Superb and stunning, thanks for showing.


----------



## Zombie_61 (Apr 21, 2004)

Owen E Oulton said:


> The PT boat has always been a favourite subject of mine, although if I had it, I'd do it up as Commander McHale's PT-73. Unfortunately I don't have the space for it.


You could always pick up the Revell 1/72 scale PT-109 kit. It's not as detailed as the Italeri kit that Phillip built and the molds are more than 50 years old now, but it's fairly accurate, currrently available, and only about 13" long.


----------



## djnick66 (May 2, 2008)

Zombie_61 said:


> You could always pick up the Revell 1/72 scale PT-109 kit. It's not as detailed as the Italeri kit that Phillip built and the molds are more than 50 years old now, but it's fairly accurate, currrently available, and only about 13" long.
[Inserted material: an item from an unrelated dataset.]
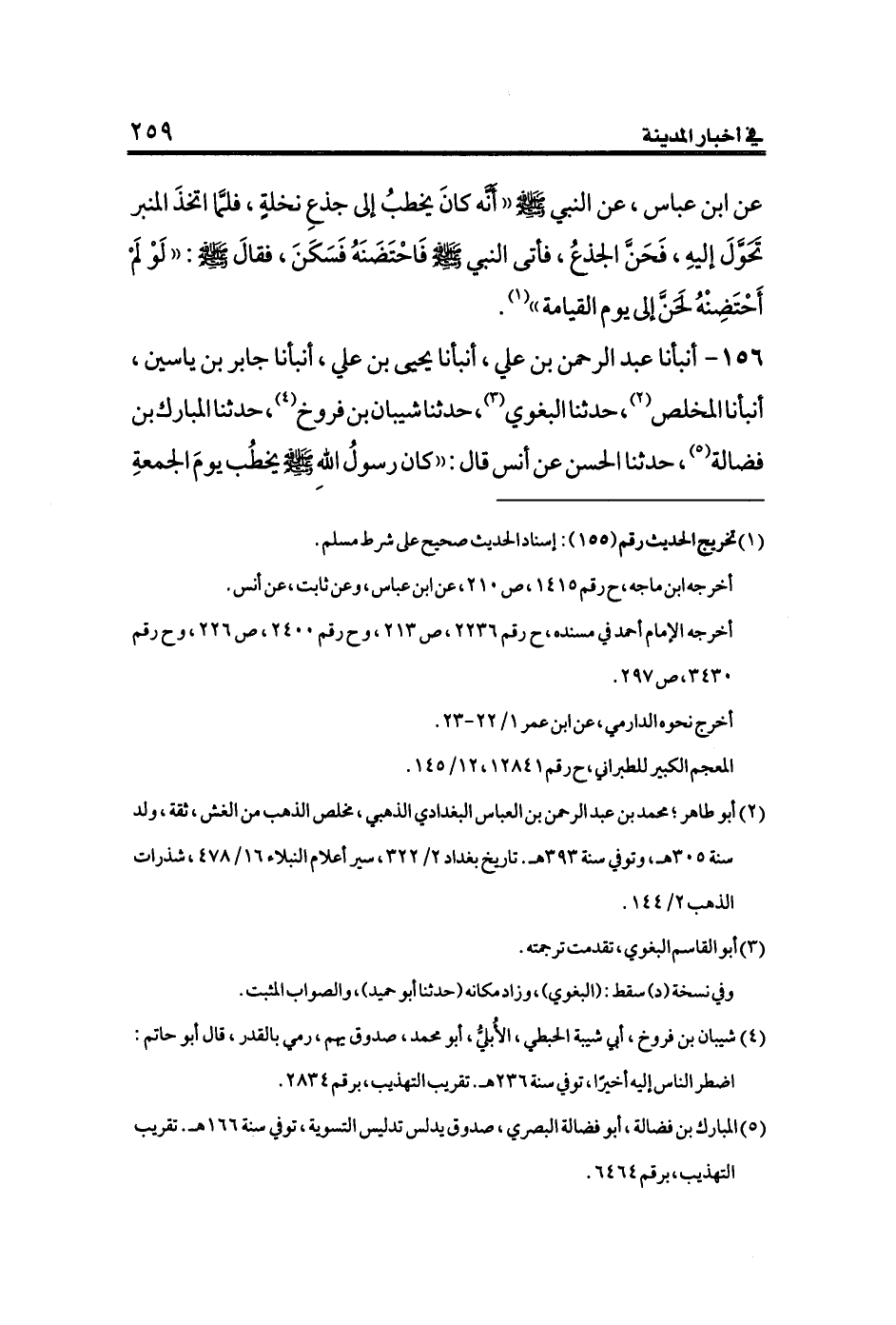 ١٥٦ - أنبأنا عبد الرحمن بن علي، أنبأنا يحيى بن علي، أنبأنا جابر بن ياسين، أنبأنا المخلص (¬٢)، حدثنا البغوي (¬٣)، حدثنا شيبان بن فروخ (¬٤)، حدثنا المبارك بن فضالة (¬٥)، حدثنا الحسن عن أنس قال: ((كان رسولُ اللهِ صلى الله عليه وسلم يخطُب يومَ الجمعةِ
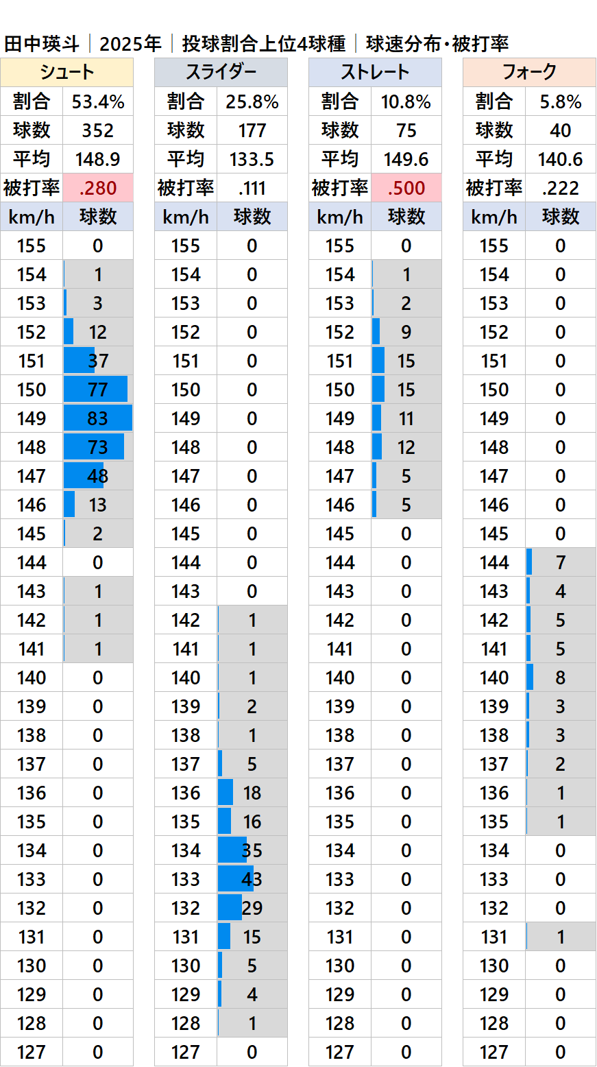 巨人の田中瑛斗投手の2025年シーズンの球種別の投球割合・球速・被打率の情報です。

The PT-73 in the TV show was actually a Vosper boat due to the lack of original Elco boats to use. Revell made a PT-73 kit for the TV show, and later sold it, with minor modifications (like radar) as a Vosper. It is/was fairly easy to come by. Revell Germany had the vosper out a few years ago. The kit still includes the TV show crew figures.


----------



## Phillip1 (Jul 24, 2009)

Ace Airspeed and Cro-Magnon Man,

Thanks for the compliments.

Phillip1


----------



## agentsmith (Mar 27, 2005)

Very neat workmanship on this model and the paint job is every bit as nice as the build!


Agentsmith


----------



## dreadnaught726 (Feb 5, 2011)

Absolutely beautiful!


----------



## beukipanzer (Aug 3, 2013)

I like it ! :thumbsup:


----------



## Phillip1 (Jul 24, 2009)

agentsmith, dreadnaught726, beukipanzer,

Thank you very much for the kind words.

Phillip1


----------



## surfsup (Apr 19, 2009)

You have done a really beautiful job on her. You should be very happy.....Cheers mark


----------